And with that, we’re done. You can launch your app, choose an image, and watch it apply a random emoji to the faces detected in the image. Show your friends and family and annoy them with it; we’ll be here when you get back. You can see an example of the final app in Figure 4-5.

pais 0404
Figure 4-5. Our final face detector, replete with emoji

Task: Barcode Detection

We’re not going to unpack this task much, especially not after looking at “Task: Face Detection”, because it’s both similar to face detection and very simple.

We’re going to do this one in a Playground because it’s so simple to step through. It does require a fair bit of boilerplate code, though:

  1. Fire up Xcode and create a new iOS-flavor Playground, as shown in Figure 4-6.

    pais 0406
    Figure 4-6. Creating a new iOS-flavor Playground in Xcode
  1. Add a new source file called Extensions.swift to the Playground. In Extensions.swift, import the following:

    import UIKit
Tip

To find this code in our resources, head to our website, download the resources, and find the Playground in the BarcodeAndSaliencyDetection folder.

  1. Add the following extension on CGSize:

    public extension CGSize {
        func scaleFactor(to size: CGSize) -> CGFloat {
            let horizontalScale =  self.width / size.width
            let verticalScale =  self.height / size.height
    
            return max(horizontalScale, verticalScale)
        }
    }

    This extension will allow us to call our function, scaleFactor(), on a CGSize, to return the scaling factor that would make the CGRect fit in a box of the indicated size.
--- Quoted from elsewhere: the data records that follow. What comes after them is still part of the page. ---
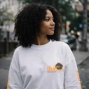 The sweatshirt adds weight—physically and emotionally. Medium weight fabric, stronger presence and built for layering and colder environments. It mirrors the concept of comfort within separation—holding onto warmth even when things shift.
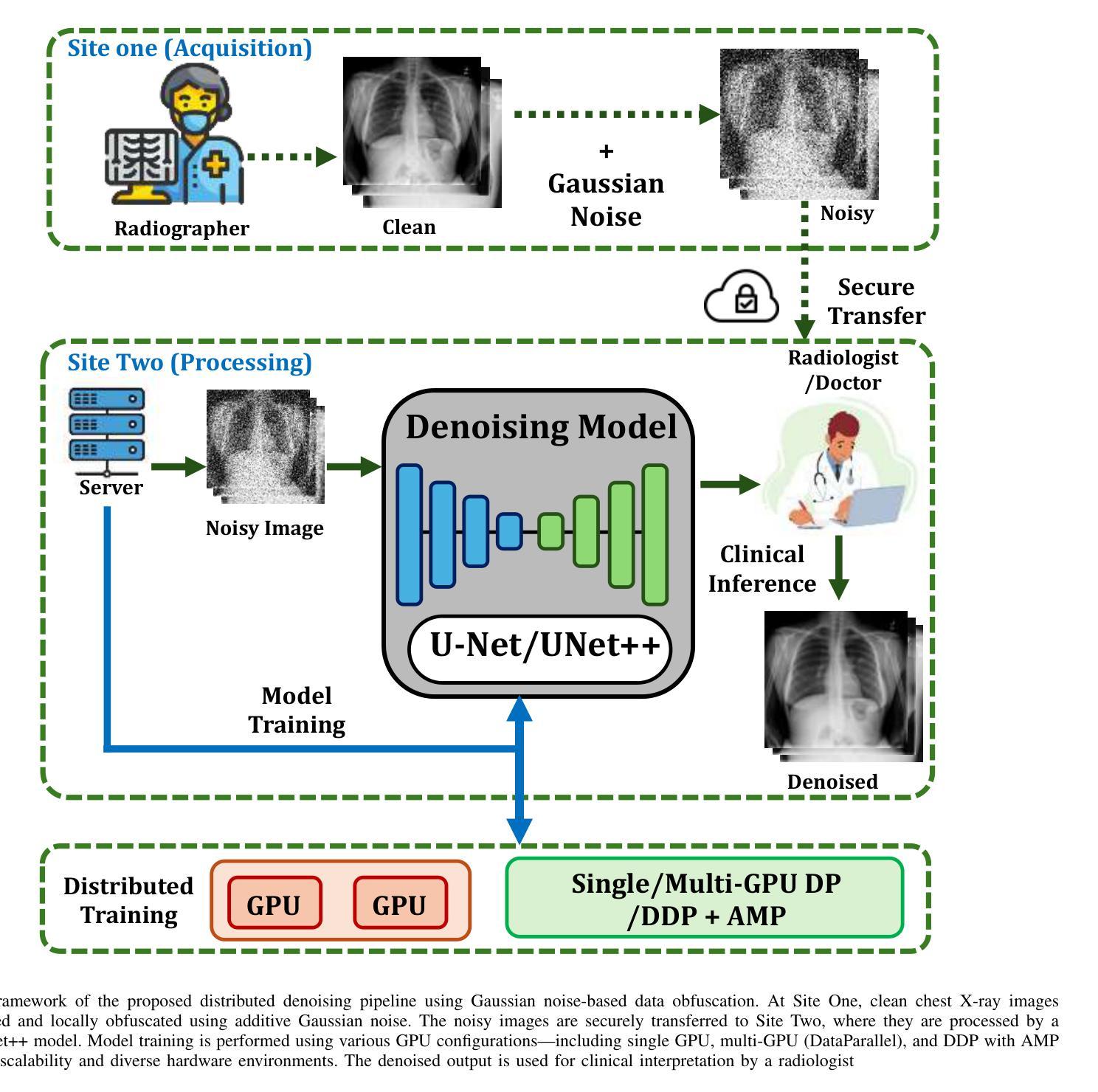 本研究探讨了基于分布式深度学习的医学图像去噪技术,特别是针对胸部X射线图像的应用。研究采用了NIH Chest X-ray14数据集,使用添加高斯噪声作为轻量级混淆技术。研究实现了U-Net和U-Net++架构,并在单GPU、标准多GPU和优化多GPU训练配置下进行了评估。结果显示,U-Net++在去噪性能上表现更优秀,在峰值信噪比(PSNR)和结构相似性指数方法(SSIM)方面表现出竞争力,但在低噪声和中噪声水平下感知图像块相似性(LPIPS)方面的表现略逊于U-Net。这表明U-Net++具有更高的结构保真度和较低的感知相似性。同时,优化训练管道将两个模型的训练时间减少了60%以上,与单GPU训练相比提高了性能,并优于标准DataParallel训练,但以轻微的性能下降为代价。该研究展示了结合架构设计、轻量级混淆和高级分布式训练策略在实际临床和研究环境中加速和改进医学图像处理流程的实用性。
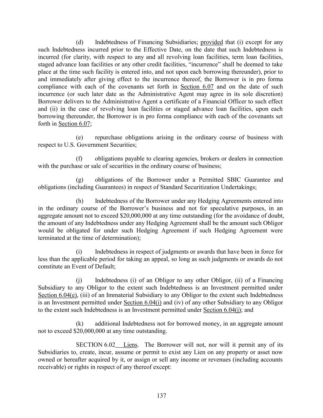 (d) Indebtedness of Financing Subsidiaries; provided that (i) except for any such Indebtedness incurred prior to the Effective Date, on the date that such Indebtedness is incurred (for clarity, with respect to any and all revolving loan facilities, term loan facilities, staged advance loan facilities or any other credit facilities, “incurrence” shall be deemed to take place at the time such facility is entered into, and not upon each borrowing thereunder), prior to and immediately after giving effect to the incurrence thereof, the Borrower is in pro forma compliance with each of the covenants set forth in Section 6.07 and on the date of such incurrence (or such later date as the Administrative Agent may agree in its sole discretion) Borrower delivers to the Administrative Agent a certificate of a Financial Officer to such effect and (ii) in the case of revolving loan facilities or staged advance loan facilities, upon each borrowing thereunder, the Borrower is in pro forma compliance with each of the covenants set forth in Section 6.07; (e) repurchase obligations arising in the ordinary course of business with respect to U.S. Government Securities; (f) obligations payable to clearing agencies, brokers or dealers in connection with the purchase or sale of securities in the ordinary course of business; (g) obligations of the Borrower under a Permitted SBIC Guarantee and obligations (including Guarantees) in respect of Standard Securitization Undertakings; (h) Indebtedness of the Borrower under any Hedging Agreements entered into in the ordinary course of the Borrower’s business and not for speculative purposes, in an aggregate amount not to exceed $20,000,000 at any time outstanding (for the avoidance of doubt, the amount of any Indebtedness under any Hedging Agreement shall be the amount such Obligor would be obligated for under such Hedging Agreement if such Hedging Agreement were terminated at the time of determination); (i) Indebtedness in respect of judgments or awards that have been in force for less than the applicable period for taking an appeal, so long as such judgments or awards do not constitute an Event of Default; (j) Indebtedness (i) of an Obligor to any other Obligor, (ii) of a Financing Subsidiary to any Obligor to the extent such Indebtedness is an Investment permitted under Section 6.04(e), (iii) of an Immaterial Subsidiary to any Obligor to the extent such Indebtedness is an Investment permitted under Section 6.04(i) and (iv) of any other Subsidiary to any Obligor to the extent such Indebtedness is an Investment permitted under Section 6.04(j); and (k) additional Indebtedness not for borrowed money, in an aggregate amount not to exceed $20,000,000 at any time outstanding. SECTION 6.02 Liens. The Borrower will not, nor will it permit any of its Subsidiaries to, create, incur, assume or permit to exist any Lien on any property or asset now owned or hereafter acquired by it, or assign or sell any income or revenues (including accounts receivable) or rights in respect of any thereof except: 137
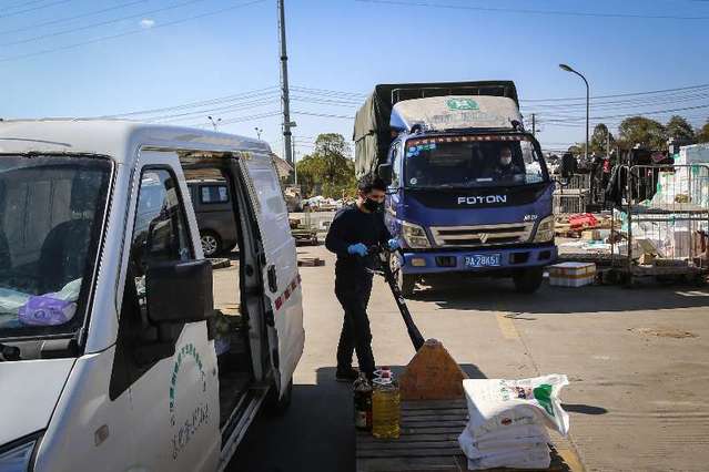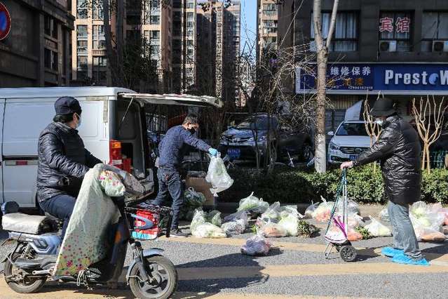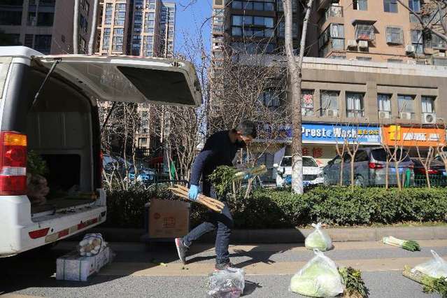 2月16日,湖北省武汉市,送菜小哥许可(中)在卸货。中青报·中青网记者 赵迪摄

  2. Add an extension on CGRect:

    public extension CGRect {
        func scaled(by scaleFactor: CGFloat) -> CGRect {
            let horizontalInsets =
                (self.width - (self.width * scaleFactor)) / 2.0
            let verticalInsets =
                (self.height - (self.height * scaleFactor)) / 2.0
    
            let edgeInsets = UIEdgeInsets(
                top: verticalInsets,
                left: horizontalInsets,
                bottom: verticalInsets,
                right: horizontalInsets
            )
    
            let leftOffset = min(self.origin.x + horizontalInsets, 0)
            let upOffset = min(self.origin.y + verticalInsets, 0)
    
            return self
                .inset(by: edgeInsets)
                .offsetBy(dx: -leftOffset, dy: -upOffset)
        }
    
        func cropped(to size: CGSize, centering: Bool = true) -> CGRect {
            if centering {
                let horizontalDifference = self.width - size.width
                let verticalDifference = self.height - size.height
                let newOrigin = CGPoint(
                    x: self.origin.x + (horizontalDifference / 2.0),
                    y: self.origin.y + (verticalDifference / 2.0)
                )
                return CGRect(
                    x: newOrigin.x,
                    y: newOrigin.y,
                    width: size.width,
                    height: size.height
                )
            }
    
            return CGRect(x: 0, y: 0, width: size.width, height: size.height)
        }
    }

    This extension allows us to call scaled() on a CGRect to likewise scale it by a size (a scale factor), or call cropped() on a CGRect to crop it to a specified CGSize.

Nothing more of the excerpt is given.